Senegalese footballer (born 2004)

Abdoulaye Faye (born 22 September 2004) is a Senegalese footballer who plays as a defender for club Celta Vigo, on loan from club Bayer Leverkusen.

==Career==
A left-footed central defender, Faye joined Swedish Allsvenskan club BK Häcken in August 2023 from Senegalese youth academy Diambars FC as a 19 year-old, signing a three-year contract. The following year, he received regular game time during a loan spell at Örgryte IS in the Superettan, the Swedish second division.
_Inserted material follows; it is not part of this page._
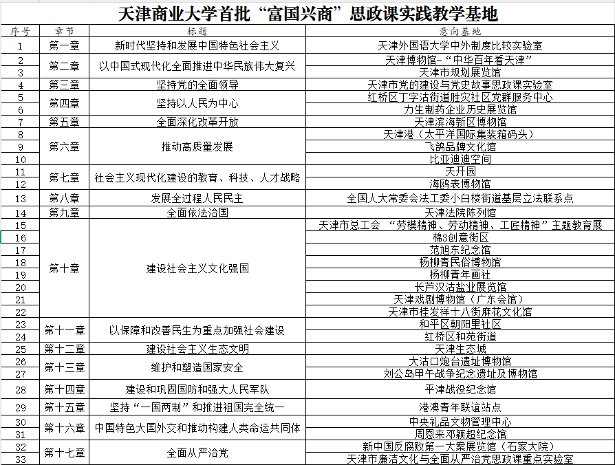 首批建成的33个实践教学基地,类型多样、覆盖面广、资源富集,对应习近平新时代中国特色社会主义思想概论课程的17个专题章节,蕴含着各门思政必修课的教学重点,集中体现了党的十八大以来党和国家发生的历史性成就和发生的历史性变革,昭示着中国共产党的初心使命和性质宗旨,体现着革命文化的红色基因、中华优秀商业文化的时代价值。以基地为依托开展实践教学,打破了思政课各门课程的壁垒,形成课程之间的有机联动、系统整合,构建起了内容丰富、特色鲜明、覆盖面广的思政课实践教学基地体系,尤其是重点建设的7个老字号的实践教学基地,蕴含着鲜明的工商文化、津派文化特征,是开展“老字号里的思政课”的有利场所。

After returning to Hacken, he was a goalscorer in March 2025 as BK Häcken knocked Mjällby AIF out of the Swedish Cup at the quarterfinal stage.

On 27 June 2025, Faye signed a five-year contract with Bundesliga side Bayer Leverkusen. On 29 July 2025, he was loaned by Lorient in France for the season.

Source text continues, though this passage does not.